Handle a simple list specification of pcarma models. Functions to convert to and from a representation appropriate for handing on to optimisation functions.

Usage

pcarma_prepare(model, type)
pcarma_unvec(model)
pcarma_tovec(model)

Value

for pcarma_unvec, a list with components:

p

autoregressive orders, numeric vector

q

moving average orders, numeric vector

si2

innovation variances

phi

autoregressive parameters

theta

moving average parameters

for pcarma_tovec, a list with components:

p

autoregressive order

q

moving average order

param

parameters of the model, a numeric vector. TODO: give the order of the parameters in the vector!

for pcarma_prepare, a list as pcarma_unvec, see also Details.

Arguments

model

specification of a pcarma model, a list, see Details.

type

not used.

Author

Georgi N. Boshnakov

Details

These functions work with a specification of a pcarma model as a list with components period, p, q, param, phi, theta and si2, see also section `Values'. The functions do not necessarily need or examine all these components.

Argument model is a list with components as accepted by pcarma_prepare.

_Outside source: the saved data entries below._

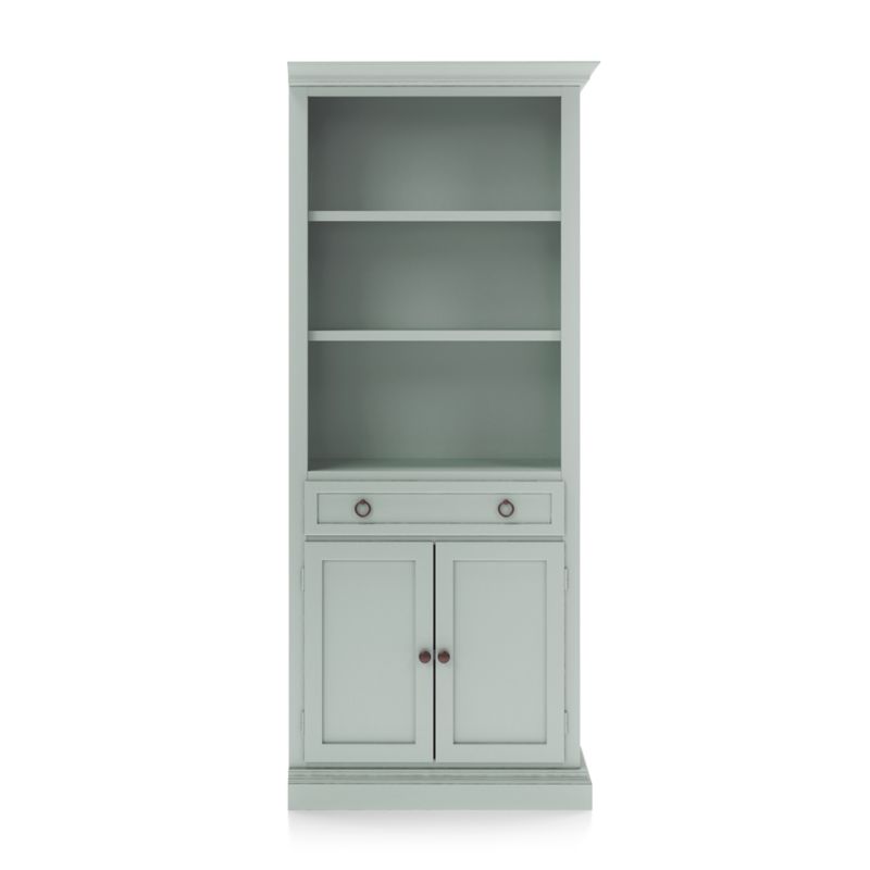 The modular right storage bookcase with two shelves and an enclosed cabinet with drawer for games, remotes and DVDs combines with the media storage pieces into a custom wall unit. The Cameo Blue Grey Storage Bookcase with Right Crown is a Crate & Barrel exclusive.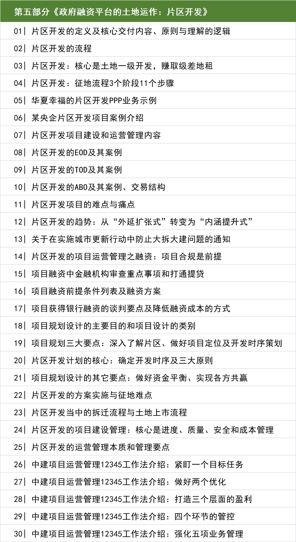 课程介绍了片区开发当中常见的PPP、ABO、EOD、TOD等概念、理解这些概念的关键是监管逻辑,即地方政府如何在各类法规监管、政策导向和举债受到限制的情况下,有利可图的进行片区开发。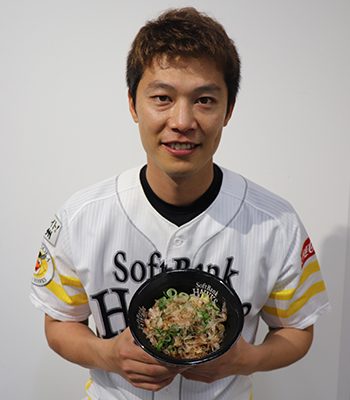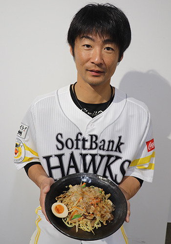 国産牛ホルモンを使い食べ応えがあり、オリジナルのソースをベースに吟醸醤油で香ばしく仕上げたPayPayドームでしか食べることのできない味わいです。岩嵜投手もおすすめです♪ぜひ球場で生ビールと一緒にお召し上がりください!
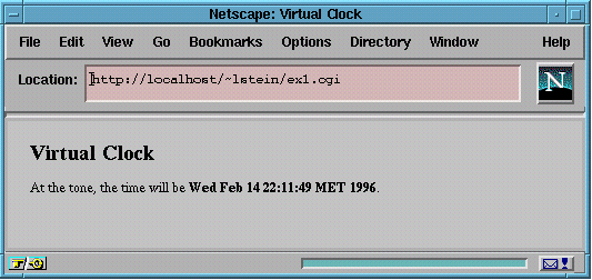 #!/usr/bin/perl print "Content-type: text/html\r\n"; print "\r\n"; chomp($time = 'date'); print<<EOF; <HTML><HEAD> <TITLE>Virtual Clock</TITLE> </HEAD> <BODY> <H1>Virtual Clock</H1> At the tone, the time will be <STRONG>$time</STRONG>. </BODY></HTML> EOF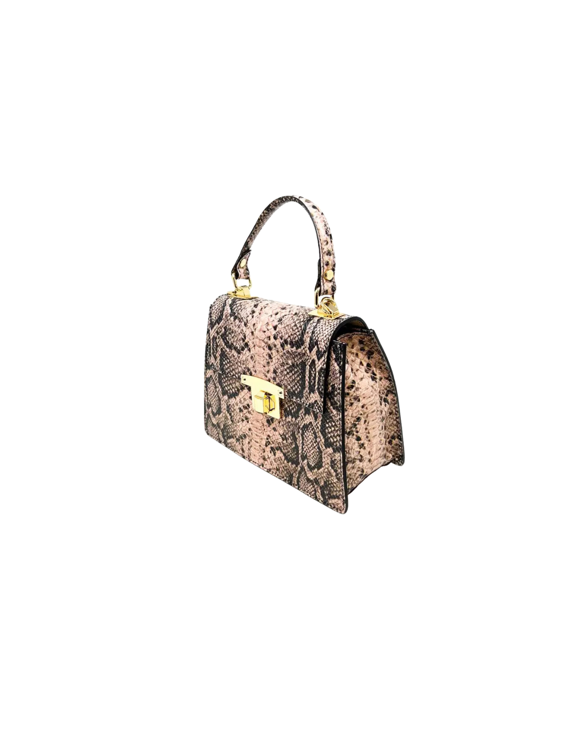 This elegant leather bag is crafted from Italian leather that features a croc-embossed design. It features a detachable chain strap for versatile wear, along with a zipper and flap adorned with a decorative twist and turn lock. Finished with golden accessories. Measurements: 7"* 9" * 4"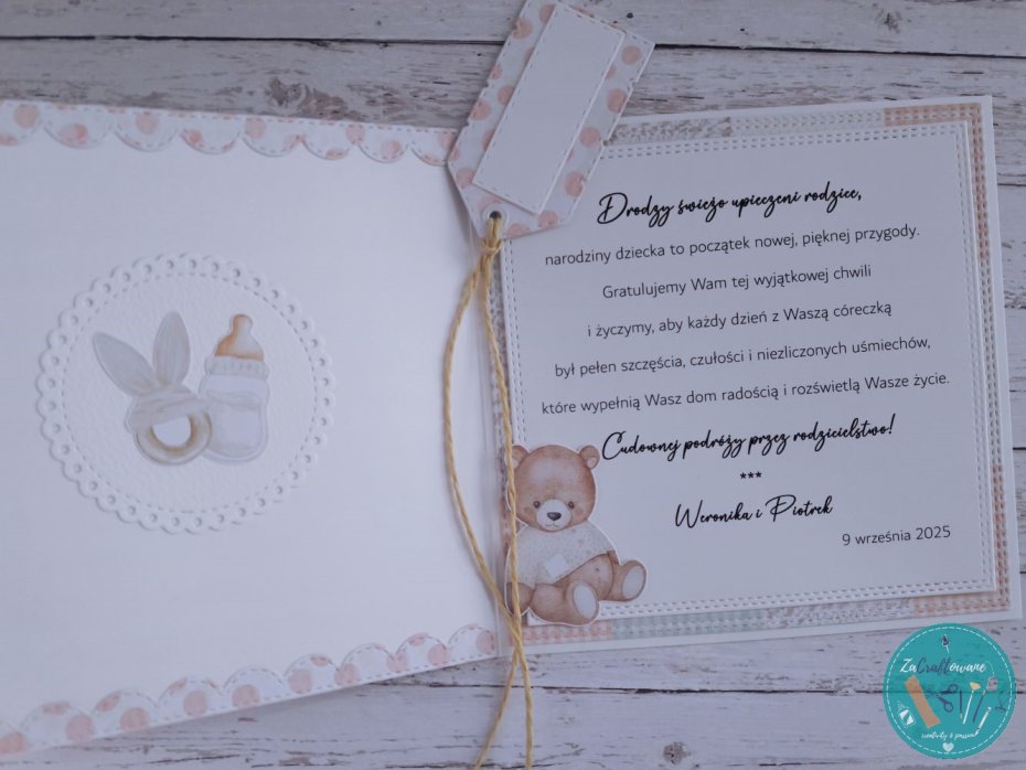 Do kartki dołączam GRATIS w postaci widocznej na zdjęciu etykietki, za pomocą której można podpisać upominek dla maluszka i przyczepić ją do wstążki, którą obwiązany jest prezent, za pomocą sznureczka, który również znajduje się w zestawie.
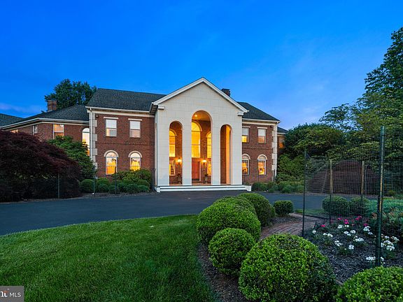 Welcome to Twin Oaks. This stately Georgian style all brick manor home gives homage to its namesake, an historic residence located in Washington DC. Situated at the end of a private enclave of only 9 estates on 90 acres in bucolic Upper Makefield, Twin Oaks encompasses 10 gorgeous acres and includes a private tennis court naturally fence by 100 arborvitae, expansive cedar deck and plenty of space inside for families of any size. You approach the home down a tree lined driveway and turn onto the double front drive for guests, to arrive at the impressively cantilevered front entry portico complimented by flowering specimen trees and lush greenery. Upon entering the double-door entry find the foyer flanked by grand double-butterfly staircases, lighted by a magnificent brass chandelier from the Bowery in NYC, and a view straight through to the 2-story great room with floor to ceiling fieldstone fireplace (1 of 4 in the home) and French doors to the large rear deck. On either side of the foyer you'll find the well-appointed formal living and dining rooms both entered via mahogany raised panel pocket doors and the study / library with floor to ceiling built-ins. The eat-in chef's kitchen is just off the great room and next to the butler's pantry, half bath and laundry rooms. The partially finished basement is massive and with double French door walk-outs, offers many options. In addition to the primary owner's suite which includes a dressing room, sun room, 2 walk-in closets, master bath and office / study, Twin Oaks offers 2 additional suites (1 on each level) perfect for in-laws, nanny / care-taker or guests. The remaining 4 bedrooms are upstairs and each complete with their own full bath and walk-in closet. A well-appointed spa room equipped with a sauna, steam shower and whirlpool tub complete the second level. At build, the homeowners spared no expense in ensuring that the best state of the art construction technologies were employed which is evidenced in the basement ceilings, foundation, utility rooms, 4-bay wide unobstructed garage and throughout many other areas of the home. Enjoy custom heavy wainscotings with 10' ceilings on the first floor, 9' on the second floor and 8'+ in the basement level. Recent 2019/2020 updates include a new central vacuum system with 10yr warranty, new Weil-McLain Cast Iron Boiler and 2 new additional HVAC systems. Served by blue ribbon Council Rock North HS and SF Elementary as well as nearby George School and Newtown Friends private schools, and privately tucked away on what was once rural farmland yet just minutes to Philadelphia, Princeton, King of Prussia and NYC, Twin Oaks truly is a Bucks County manor home estate built for the ages.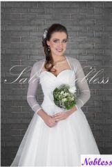 Jednoduché elegantní bolerko s dlouhým rukávem je vhodným doplňkem svatebních šatů, které nenaruší celkový dojem. Je vhodným doplňkem i ke krajkovým šatům, které se jinak velmi těžko kombinují s jiným materiálem. Momentálně na objednávku.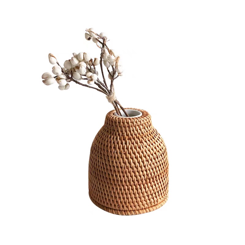 东南亚藤编花瓶手工编织工艺品摆件日式花器禅意插花器皿厂家批发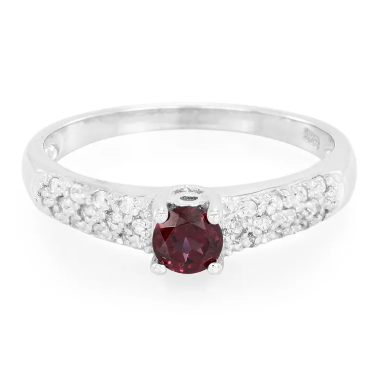 Brasilianischer Rhodolith 0,32ct Silber Ring, 26 Zirkon Akzente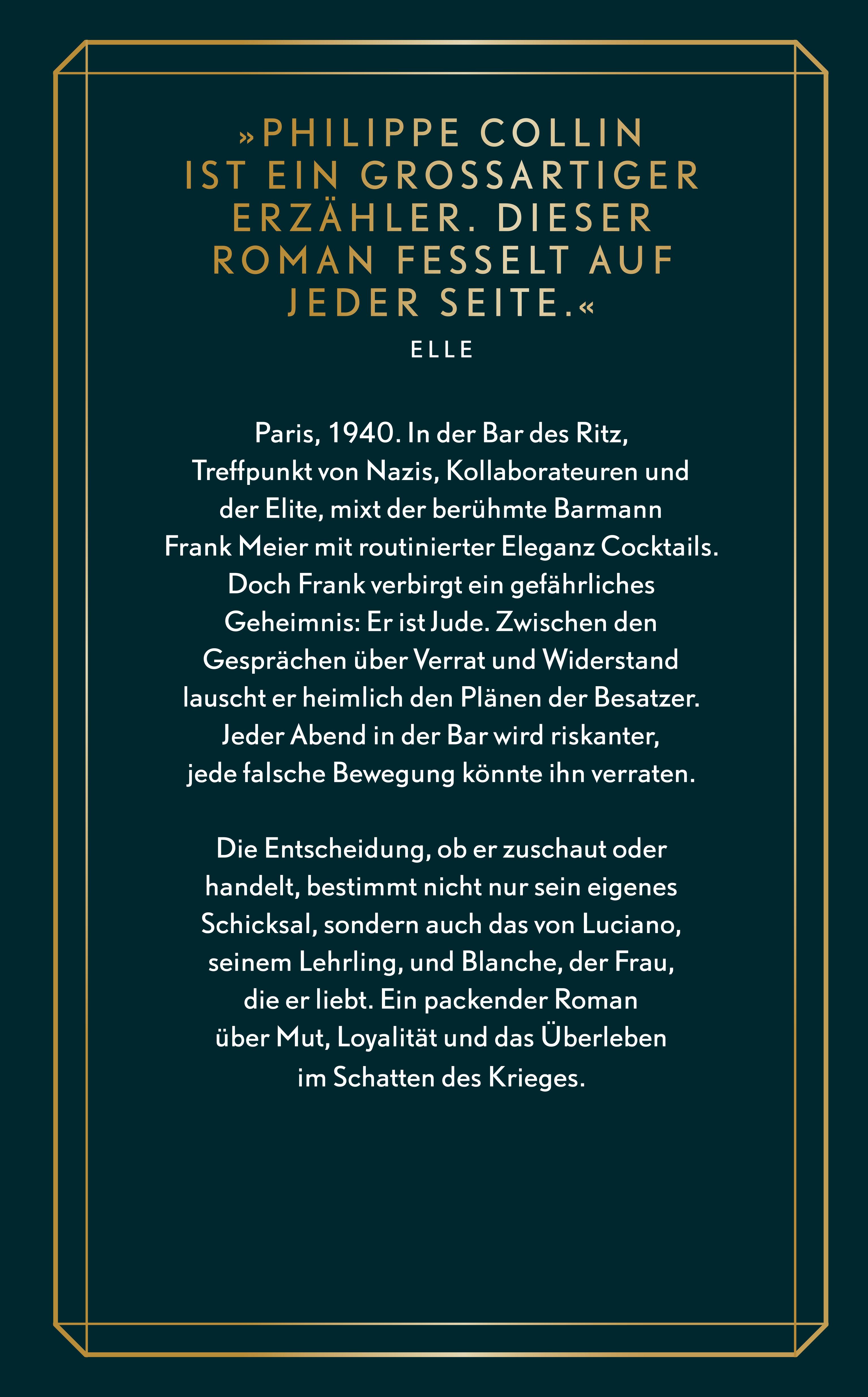 Paris, 1940. In der Bar des legendären Hotel Ritz scheint warmes Licht auf die polierte Messingtheke, während Nazis, Kollaborateure und Mitglieder der französischen Elite ihre Cocktails schlürfen - weit entfernt vom Lärm des Krieges. Frank Meier, der berühmte Barmann des Ritz, serviert sie mit routinierter Eleganz. Doch hinter seinem höflichen Lächeln verbirgt sich die Angst. Jeder Drink, den er mixt, könnte sein letzter sein. Denn er hat ein Geheimnis, das ihn das Leben kosten könnte: Er ist Jude.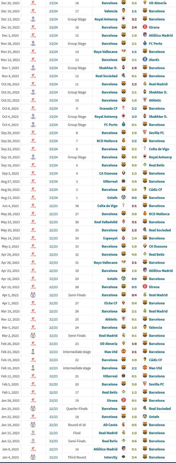 «Барселона» выиграла 37, проиграла 11 и сыграла вничью 9 из 57 матчей в 2023 году (товарищеские не считаем).

Details are below but the guiding rule is that there are sensible defaults for absent components.

pcarma_prepare gives a standard representation of model, in the sense that it ensures that the model has components period, p and q, such that p and q are vectors of length period. pcarma_prepare does not examine any other components of the model. (TODO: do the same for the innovation variance?)

If model$period is NULL, pcarma_prepare sets it to the length of the longer of model$p and model$q. If model$p is a scalar it is extended with rep(model$p, period). Missing or NULL model$p is equivalent to model$p = 0. model$q is processed analogously.

The net effect is that period, p and q will be set as expected as long as period is given or at least one of the other two is of length equal to the period. A warning is issued if period <= 1 (it is all too easy to give scalar values for p and q and forget to set the period, in which case period will be deduced to be one).

A number of functions (including pcarma_tovec and pcarma_unvec) dealing with the list representation of pcarma models start by calling pcarma_prepare to avoid the need for handling all possible cases.

pcarma_tovec returns a list with components p, q and param, where param is a numeric vector containing the pcarma parameters and the innovations variances and thus is suitable for optimisation functions. Notice that it is component param that is a vector. The reason that pcarma_tovec returns a list, is that the caller may need to do further work before calling a generic optimisation function. For exampe, it may wish to dop the variances from the vector.

pcarma_unvec(model) performs the inverse operation. It takes a list like that produced by pcarma_tovec and converts it to a detailed list containing the components of the model.